Смахнув пыль с чемодана и сумки, спешу заварить настоящее бразильское зелье. Открываю банку, прикидываю, сколько надо засыпать сейчас и сколько у меня останется, чтобы забрать с собой в Баку. Правильно заварить мате — целое искусство. Мате не терпит каких-либо приложений типа сахара, пирожных, шоколада и тому подобного, мате надо пить горячим (очень горячим) и без суеты, глоток за глотком, глоток за глотком, все равно что кофе в хорошей кофейне. Третья чашка, как правило, «забирает» тебя, как сказала бы Нина в отношении рюмочки хорошей водки: «sends me»[9].
Я беру банку, две тыквенные чашки и иду на кухню.
Значительный сидит на подоконнике и смотрит в окно, будто увлекательный роман из жизни кошек читает, причем, судя по тому, как он свингует хвостом, находится в самой интригующей его фазе.
Чтобы поскорее вскипела вода, наливаю ее в турку: как раз на две чашки будет. Пока закипает, залезаю за воротник рубашки, пробую смахнуть с плеча и спины оставшиеся после стрижки волосы, слежу за хвостом Значительного и думаю, у кого больше запас прочности, у меня или у него, у меня и у него — или у табурета, на котором любит сидеть и курить Людмила, или вон у того кухонного шкафа, обклеенного винными этикетками (судя по их количеству, тоже, видать, целая жизнь, да еще какая!). Или у той фиалки, что на окне рядом с котом? Стоило забулькать воде (сам себе показался эдаким средневековым алхимиком с книжной гравюры), как сразу сообразил, куда именно надо смотреть, когда думаешь о запасе прочности, о стремительно летящем времени. Судя по свинцовому небу над крышами домов, будет дождь…
Разливаю мате по тыквенным чашкам, ставлю их на уворованный Нинкой макдоналдсский поднос (другого у меня нет) и медленно иду к себе в комнату.
В коридоре, несколько удивленный, задерживаюсь у двери: магистр игровой терапии Христофор Арамович Мустакас прямо средь бела дня лепит (в данном случае, уместнее было бы сказать, кует или даже выковывает) из Людмилы библейскую блудницу.
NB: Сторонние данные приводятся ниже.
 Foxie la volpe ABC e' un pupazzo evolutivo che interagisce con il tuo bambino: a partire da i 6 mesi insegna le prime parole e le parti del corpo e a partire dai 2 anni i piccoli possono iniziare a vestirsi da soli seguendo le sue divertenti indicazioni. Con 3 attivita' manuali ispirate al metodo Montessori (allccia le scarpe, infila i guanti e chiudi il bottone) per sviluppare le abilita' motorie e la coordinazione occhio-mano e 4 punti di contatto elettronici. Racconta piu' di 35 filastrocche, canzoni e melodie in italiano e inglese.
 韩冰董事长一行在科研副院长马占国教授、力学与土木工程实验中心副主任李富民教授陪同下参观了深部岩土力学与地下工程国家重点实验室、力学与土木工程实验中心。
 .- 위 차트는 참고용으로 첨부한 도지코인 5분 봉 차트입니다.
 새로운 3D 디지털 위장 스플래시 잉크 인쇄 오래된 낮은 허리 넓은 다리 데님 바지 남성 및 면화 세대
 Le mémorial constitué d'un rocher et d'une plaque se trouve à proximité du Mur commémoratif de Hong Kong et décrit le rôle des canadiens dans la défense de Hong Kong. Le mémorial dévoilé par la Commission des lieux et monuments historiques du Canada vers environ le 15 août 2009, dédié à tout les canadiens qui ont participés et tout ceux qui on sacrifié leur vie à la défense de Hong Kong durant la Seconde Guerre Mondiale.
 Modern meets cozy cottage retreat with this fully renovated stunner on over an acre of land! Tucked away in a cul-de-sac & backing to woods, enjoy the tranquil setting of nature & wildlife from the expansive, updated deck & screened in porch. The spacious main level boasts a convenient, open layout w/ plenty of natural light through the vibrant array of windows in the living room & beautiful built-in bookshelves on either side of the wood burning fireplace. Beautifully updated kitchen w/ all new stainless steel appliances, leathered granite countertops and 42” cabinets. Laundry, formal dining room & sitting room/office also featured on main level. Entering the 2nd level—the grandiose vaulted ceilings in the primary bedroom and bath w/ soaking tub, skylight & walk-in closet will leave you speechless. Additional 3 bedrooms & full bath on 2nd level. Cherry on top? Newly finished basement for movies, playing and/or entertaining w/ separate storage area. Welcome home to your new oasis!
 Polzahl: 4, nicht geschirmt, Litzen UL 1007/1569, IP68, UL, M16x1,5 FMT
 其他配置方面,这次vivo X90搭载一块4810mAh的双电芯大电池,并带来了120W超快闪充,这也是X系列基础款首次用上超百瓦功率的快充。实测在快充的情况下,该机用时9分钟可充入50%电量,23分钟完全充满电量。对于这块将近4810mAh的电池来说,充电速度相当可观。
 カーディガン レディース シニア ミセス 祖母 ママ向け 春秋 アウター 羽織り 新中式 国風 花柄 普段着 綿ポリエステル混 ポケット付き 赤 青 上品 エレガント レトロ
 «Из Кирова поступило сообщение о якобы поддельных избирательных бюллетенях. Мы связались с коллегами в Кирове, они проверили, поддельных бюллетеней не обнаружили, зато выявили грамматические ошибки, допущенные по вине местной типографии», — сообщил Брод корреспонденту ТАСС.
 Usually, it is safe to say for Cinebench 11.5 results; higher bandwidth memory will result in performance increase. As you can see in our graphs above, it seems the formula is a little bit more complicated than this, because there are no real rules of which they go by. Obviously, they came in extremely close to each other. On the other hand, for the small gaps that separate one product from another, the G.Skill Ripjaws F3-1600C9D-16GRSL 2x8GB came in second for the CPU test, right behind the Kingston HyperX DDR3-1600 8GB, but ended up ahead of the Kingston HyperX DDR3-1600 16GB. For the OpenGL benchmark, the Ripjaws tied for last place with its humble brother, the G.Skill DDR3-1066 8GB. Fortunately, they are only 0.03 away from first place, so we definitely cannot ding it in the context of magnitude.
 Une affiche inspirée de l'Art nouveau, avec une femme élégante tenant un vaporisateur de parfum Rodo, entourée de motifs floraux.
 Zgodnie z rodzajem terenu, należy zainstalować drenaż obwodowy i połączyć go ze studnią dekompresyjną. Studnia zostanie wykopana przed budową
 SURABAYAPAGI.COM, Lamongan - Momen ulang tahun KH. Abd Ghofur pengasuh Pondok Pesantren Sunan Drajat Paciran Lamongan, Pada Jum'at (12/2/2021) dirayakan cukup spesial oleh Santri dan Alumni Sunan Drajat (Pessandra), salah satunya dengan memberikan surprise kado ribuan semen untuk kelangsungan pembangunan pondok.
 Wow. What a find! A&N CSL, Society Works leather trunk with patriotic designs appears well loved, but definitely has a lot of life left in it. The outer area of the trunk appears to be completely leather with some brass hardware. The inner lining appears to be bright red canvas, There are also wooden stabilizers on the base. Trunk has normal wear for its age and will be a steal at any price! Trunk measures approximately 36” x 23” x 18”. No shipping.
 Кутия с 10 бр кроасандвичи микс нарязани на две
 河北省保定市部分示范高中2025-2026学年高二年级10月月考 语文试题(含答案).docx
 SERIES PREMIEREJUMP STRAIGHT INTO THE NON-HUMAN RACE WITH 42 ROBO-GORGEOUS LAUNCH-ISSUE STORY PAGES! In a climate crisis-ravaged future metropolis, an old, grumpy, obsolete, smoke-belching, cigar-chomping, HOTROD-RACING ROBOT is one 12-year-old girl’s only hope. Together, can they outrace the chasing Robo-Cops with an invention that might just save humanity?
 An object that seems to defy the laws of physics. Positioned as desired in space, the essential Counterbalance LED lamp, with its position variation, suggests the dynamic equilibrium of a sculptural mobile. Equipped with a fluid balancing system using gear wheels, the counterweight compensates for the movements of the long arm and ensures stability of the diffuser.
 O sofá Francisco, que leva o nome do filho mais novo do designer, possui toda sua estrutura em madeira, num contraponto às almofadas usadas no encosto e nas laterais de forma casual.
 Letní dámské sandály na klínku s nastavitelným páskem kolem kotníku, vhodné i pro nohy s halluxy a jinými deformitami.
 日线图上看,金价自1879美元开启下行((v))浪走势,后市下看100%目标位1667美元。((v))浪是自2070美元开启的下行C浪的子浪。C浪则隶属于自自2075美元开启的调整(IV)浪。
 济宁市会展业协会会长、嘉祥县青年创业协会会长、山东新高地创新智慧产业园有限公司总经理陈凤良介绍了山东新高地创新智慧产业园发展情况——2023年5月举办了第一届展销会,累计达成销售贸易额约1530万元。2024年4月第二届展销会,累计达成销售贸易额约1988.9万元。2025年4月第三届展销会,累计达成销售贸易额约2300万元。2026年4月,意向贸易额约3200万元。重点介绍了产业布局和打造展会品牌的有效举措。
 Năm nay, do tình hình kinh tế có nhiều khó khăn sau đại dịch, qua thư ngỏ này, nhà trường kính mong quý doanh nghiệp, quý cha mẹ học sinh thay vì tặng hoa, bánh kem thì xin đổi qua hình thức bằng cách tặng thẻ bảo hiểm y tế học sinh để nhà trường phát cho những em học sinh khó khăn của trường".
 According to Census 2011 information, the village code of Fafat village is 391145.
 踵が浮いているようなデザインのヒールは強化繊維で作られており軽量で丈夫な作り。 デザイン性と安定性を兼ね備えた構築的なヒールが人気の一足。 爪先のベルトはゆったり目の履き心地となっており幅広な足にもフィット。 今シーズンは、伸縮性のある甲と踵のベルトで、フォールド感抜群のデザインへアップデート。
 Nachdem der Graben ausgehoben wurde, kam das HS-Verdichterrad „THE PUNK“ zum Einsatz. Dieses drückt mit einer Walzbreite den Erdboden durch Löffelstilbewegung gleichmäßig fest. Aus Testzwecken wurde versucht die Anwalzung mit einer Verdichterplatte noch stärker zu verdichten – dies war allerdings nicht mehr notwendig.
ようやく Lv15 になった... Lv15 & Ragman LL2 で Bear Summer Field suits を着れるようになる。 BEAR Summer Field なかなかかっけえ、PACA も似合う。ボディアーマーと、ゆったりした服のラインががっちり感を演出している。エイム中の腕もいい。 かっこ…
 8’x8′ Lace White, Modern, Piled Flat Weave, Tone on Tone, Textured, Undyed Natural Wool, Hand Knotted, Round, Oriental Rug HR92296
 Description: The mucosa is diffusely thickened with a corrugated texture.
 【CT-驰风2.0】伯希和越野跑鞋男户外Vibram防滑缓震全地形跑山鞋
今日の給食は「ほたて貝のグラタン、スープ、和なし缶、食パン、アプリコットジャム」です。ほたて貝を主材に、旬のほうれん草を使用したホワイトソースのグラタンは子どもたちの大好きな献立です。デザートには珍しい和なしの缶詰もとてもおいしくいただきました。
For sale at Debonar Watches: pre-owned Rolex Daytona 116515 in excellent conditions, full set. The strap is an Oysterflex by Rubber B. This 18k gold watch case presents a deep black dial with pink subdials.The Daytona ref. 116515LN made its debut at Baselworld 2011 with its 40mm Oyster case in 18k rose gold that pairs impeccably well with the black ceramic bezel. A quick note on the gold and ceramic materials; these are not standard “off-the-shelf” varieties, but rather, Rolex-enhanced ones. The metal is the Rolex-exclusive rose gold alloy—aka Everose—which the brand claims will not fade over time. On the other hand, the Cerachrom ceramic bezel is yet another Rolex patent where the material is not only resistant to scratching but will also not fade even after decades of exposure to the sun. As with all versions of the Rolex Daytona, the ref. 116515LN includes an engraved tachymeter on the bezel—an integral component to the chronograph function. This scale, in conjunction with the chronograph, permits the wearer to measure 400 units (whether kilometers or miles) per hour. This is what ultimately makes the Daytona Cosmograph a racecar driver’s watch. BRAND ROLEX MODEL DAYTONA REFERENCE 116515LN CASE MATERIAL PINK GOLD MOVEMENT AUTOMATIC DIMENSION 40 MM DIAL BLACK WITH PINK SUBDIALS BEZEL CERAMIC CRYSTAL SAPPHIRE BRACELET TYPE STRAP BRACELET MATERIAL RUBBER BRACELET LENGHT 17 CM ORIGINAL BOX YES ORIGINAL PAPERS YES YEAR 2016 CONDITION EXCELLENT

Казалось бы, чего проще, ан нет, бедняги так мучительно стонут, что сразу понимаешь всю сложность прохождения пути от Москвы до Магдалы; ни поездов, ни авиакомпаний, ни тракта, ни столбовых верст, только тело и душа, body and soul, способны перенести их со скоростью света в древний иудейский городок, щедро залитый солнцем, пока еще не перешедшим в нашу эру. Город всех — и ничей. Город бесконечных вертикалей.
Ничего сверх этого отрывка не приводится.